Interpretation: the data provides strong evidence that the wellness program has an effect on anxiety. The observed average drop of 2.8 points is unlikely to have occurred by chance alone if the program had no effect. We conclude that the program is associated with a statistically significant reduction in anxiety scores.

d) A large national study of a similar program surveys $n = 2{,}000$ students and finds $\bar{d} = -0.3$ and $S = 5$. Compute the t-statistic and p-value. Is this result statistically significant at $\alpha = 0.05$?

In [None]:
d_bar_2 = -0.3
S_2 = 5
n_2 = 2000

t_stat_2 = (d_bar_2 - 0) / (S_2 / np.sqrt(n_2))
p_value_2 = 2 * stats.t.sf(abs(t_stat_2), df=n_2 - 1)

print(f't-statistic: {t_stat_2:.4f}')
print(f'p-value:     {p_value_2:.4f}')

The t-statistic is approximately $-2.68$ and the p-value is approximately $0.0074$. Since $p < 0.05$, this result is statistically significant — we reject $H_0$.

e) A clinician considers a drop of at least 2 points on the anxiety scale to be meaningful. The first study found a 2.8-point drop. The second found a 0.3-point drop. Which result is *practically* significant? What does this tell you about the difference between statistical significance and practical significance?

Only the first study ($\bar{d} = -2.8$) is practically significant — the drop exceeds the clinician's threshold of 2 points. The second study ($\bar{d} = -0.3$) is statistically significant but not practically significant — a 0.3-point change on a 21-point scale is too small to matter clinically.

This illustrates a key distinction:

- **Statistical significance** tells you the effect is probably not zero. With a large enough sample ($n = 2{,}000$), even a tiny difference can produce a small p-value because the standard error shrinks.
- **Practical significance** tells you the effect is large enough to matter. A 0.3-point drop in anxiety is real (unlikely to be zero) but meaningless in practice.

You should always consider the *size* of the effect alongside the p-value. A statistically significant result with a tiny effect size doesn't mean the intervention is worth implementing.

---

#### Q4. Interpreting p-Values

A researcher studying the effect of a new teaching method on exam scores conducts a hypothesis test and reports a p-value of 0.032.

a) In your own words, what does this p-value tell us?

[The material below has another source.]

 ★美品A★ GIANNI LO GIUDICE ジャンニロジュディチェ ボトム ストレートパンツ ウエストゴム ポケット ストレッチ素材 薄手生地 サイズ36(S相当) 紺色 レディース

If the null hypothesis were true (i.e., the new teaching method has no effect on exam scores), there is a 3.2% probability of observing data as extreme as or more extreme than what was observed. In other words, a result this far from the null would happen about 3 times in 100 by chance alone.

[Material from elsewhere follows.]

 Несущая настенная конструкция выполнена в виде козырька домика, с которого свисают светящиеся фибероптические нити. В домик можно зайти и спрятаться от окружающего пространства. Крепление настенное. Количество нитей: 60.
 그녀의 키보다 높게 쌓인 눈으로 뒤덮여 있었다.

b) If the researcher used a significance level of $\alpha = 0.05$, would they reject the null hypothesis? What if they used $\alpha = 0.01$?

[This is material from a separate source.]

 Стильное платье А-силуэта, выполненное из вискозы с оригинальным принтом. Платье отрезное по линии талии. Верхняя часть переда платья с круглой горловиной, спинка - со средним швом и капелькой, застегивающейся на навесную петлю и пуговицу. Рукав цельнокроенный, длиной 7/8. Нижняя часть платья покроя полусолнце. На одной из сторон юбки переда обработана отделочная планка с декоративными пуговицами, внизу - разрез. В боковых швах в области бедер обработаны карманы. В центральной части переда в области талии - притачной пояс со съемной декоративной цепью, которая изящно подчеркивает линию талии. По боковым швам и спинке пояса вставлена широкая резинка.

At $\alpha = 0.05$: yes, reject $H_0$. The p-value (0.032) is less than 0.05, so the result is statistically significant at the 5% level.

At $\alpha = 0.01$: no, do not reject $H_0$. The p-value (0.032) is greater than 0.01, so the result is not significant at the 1% level. The same data can lead to different conclusions depending on how strict our threshold is.

c) For each of the following statements, say whether it is **true or false** and explain your reasoning.

1. A p-value of 0.10 means there is a 10% chance that the null hypothesis is true.
2. If we fail to reject the null hypothesis, we have proven that it is true.
3. A small p-value indicates that our observed result would be unlikely if the null hypothesis were true.

1. **False.** The p-value is not the probability that $H_0$ is true. The truth is fixed — $\mu$ either equals the null value or it doesn't. The p-value is the probability of seeing data this extreme *assuming* $H_0$ is true. It measures how surprising the data is under the null, not how likely the null is.

2. **False.** Failing to reject $H_0$ means the data is consistent with the null — it doesn't prove the null is true. There may simply not be enough data to detect a real effect. Absence of evidence is not evidence of absence.

3. **True.** This is the correct interpretation. A small p-value means that, if the null hypothesis were true, data as extreme as what we observed would rarely occur. This makes us doubt the null.